The Autodromo Internazionale Enzo e Dino Ferrari (commonly known as Imola) is a permanent racing circuit which held the 1980 Italian Grand Prix and all subsequent runnings of the San Marino Grand Prix until 2006. It is currently undergoing redevelopments with the aim of returning it to the Formula One calendar. The circuit is notorious as the home of the 1994 San Marino Grand Prix during which Roland Ratzenberger and Ayrton Senna were both killed.
The original layout of the Imola circuit featured several flat-out sections connected by tight hairpins. At first, the run from Rivazza (map bottom left) and Tosa (top right) was flat out, as was the run from Aqua Minerale to Rivazza. This meant that drivers reached very high speeds through Tamburello and Villeneuve. However, by 1980, the track was modified to slow cars slightly by adding a tight double-chicane between Rivazza and the Start/Finish line.

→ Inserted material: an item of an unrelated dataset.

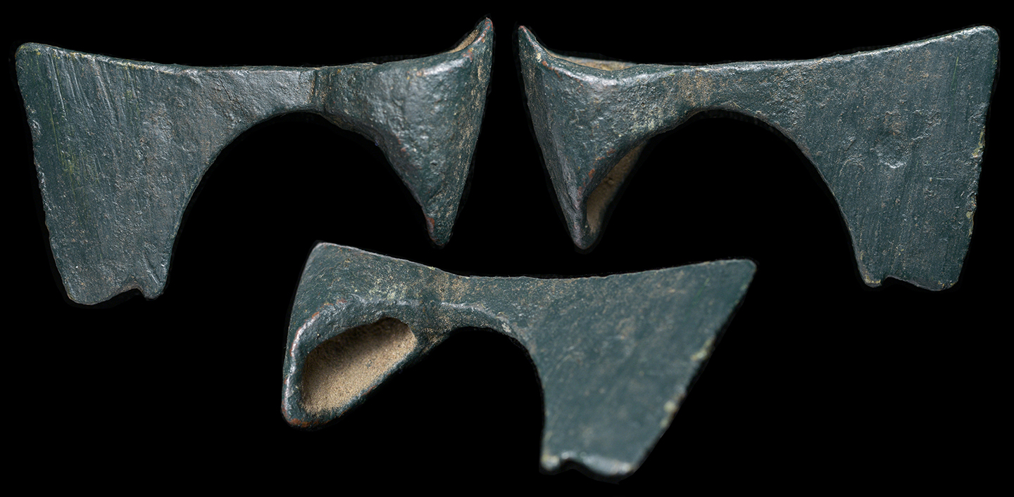 Anglo-Saxon England, c. 8th-9th century AD. Bronze armor fitting or dagger chape. Large central hole, smapp holes in the 2 rounded terminals. 49 mm (1 15/16") long, grey patina. #AM2012: $85 SOLD
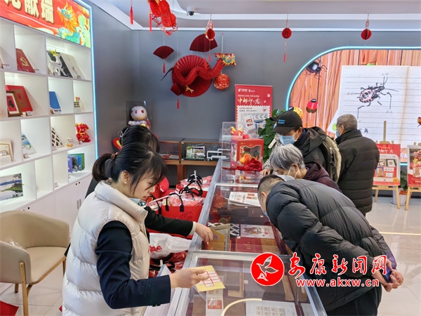 在本次郵票發(fā)行之際,安康郵政分公司將金州路郵政支局創(chuàng)新打造為全國首家“龍年生肖+毛玩文創(chuàng)”主題郵局,全面展示生肖“龍”文創(chuàng)產(chǎn)品,郵票、郵品、生肖貴金屬、生肖毛玩等,讓客戶一站式體驗購買到心儀的禮物;顒觾x式結束后,與會嘉賓們來到全國首家“龍年生肖+毛玩文創(chuàng)”主題郵局參觀打卡,互動體驗。

From the start line, the circuit ran through a quick left-hander (Tamburello) which was taken flat-out. From here, a short straight leads to a flat right-hader (Villeneuve) and tight left (Tosa). Following a short straight, and quick sweeping left hander lies Aqua Minerale, a tight right-left-right chicane. Over a crest is the right-left chicane, Variante Alta. Then down the hill to the double left hand Rivazza turns. Then back up the hill for a quick right-left and slower left-right (Variante Bassa) and on to the finish line.
Over 14 years on this layout, numerous major accidents occurred. Many of these, including seperate terrifying crashes involving Nelson Piquet, Gerhard Berger and Michele Alboreto, occurred at the notorious Tamburello Curve. Tamburello was a flat-out left-hander with very little run-off and a concrete wall outside of the track.
In the Friday practice session of the 1994 San Marino Grand Prix, Rubens Barrichello was injured at Variante Bassa when his car was launched over the kerbs into a tyre barrier at high speed. On Saturday, after damaging his front wing on a previous lap, Roland Ratzenberger was killed when he failed to negotiate the Villeneuve corner and crashed heavily into the concrete wall at around 200mph, fatally fracturing his neck. The following day, during the race, three-time World Champion Ayrton Senna was also killed when his Williams-Renault went straight on at Tamburello and he hit the concrete wall at around 135mph. Though not badly injured by the impact, a piece of Senna's suspension wishbone penetrated the driver's helmet, causing fatal injuries.
In response to the accidents at the 1994 event, the FIA demanded that changes must be made to the circuit to improve the safety of the drivers. These changes were made ahead of the 1995 San Marino Grand Prix.
Numerous changes to the Imola circuit were made from the 1995 event onwards:
- Tamburello Curve was transformed into a much slower chicane, and the concrete run-off was replaced by gravel.
- Villeneuve corner was changed from a fast right-hander to a slow left-right chicane.
- The Aqua Minerale chicane was removed, and replaced by a double right-hander.
- Variante Alta was flattened and tightened slightly.
- The first chicane of Variante Bassa was removed, leaving a fast right hander, and a slow left-right chicane.
This layout of the Imola Circuit was used until 2006 after which the event was removed from the calendar.
In an attempt to reinstate the circuit into the Formula One calendar, the circuit was renovated in 2010. The pit lane and garages were demolished and replaced by a modern, extended complex. Variante Bassa was also removed, so that the circuit now runs flat-out from Rivazza to Tamburello. In 2008, the circuit was given a 1T FIA rating, allowing for F1 test events to be held there. In 2011 the circuit was upgraded to a 1 rating, allowing for F1 events to be held there. As yet, however, the circuit has not been reinstated to the calendar.
The following is a list of Formula One World Championship events held at the Imola circuit:
"I think its a great race track. It's got elevation. It's almost like a road track. It is an artificial circuit but they have managed to combine the landscape of the Imola track very, very well indeed. I think it does provide a very enjoyable circuit for the grand prix circuit." John Watson. Eurosport. First Qualifying. 1990 San Marino Grand Prix.
"The spectator area here is nearly packed to capacity. Motor racing, in particular Ferrari racing is almost a religion to these people. Their enthusiasm adds a unique atmosphere to the first race of the European season." Matthew Lorenzo. Eurosport. Second Qualifying. 1990 San Marino Grand Prix.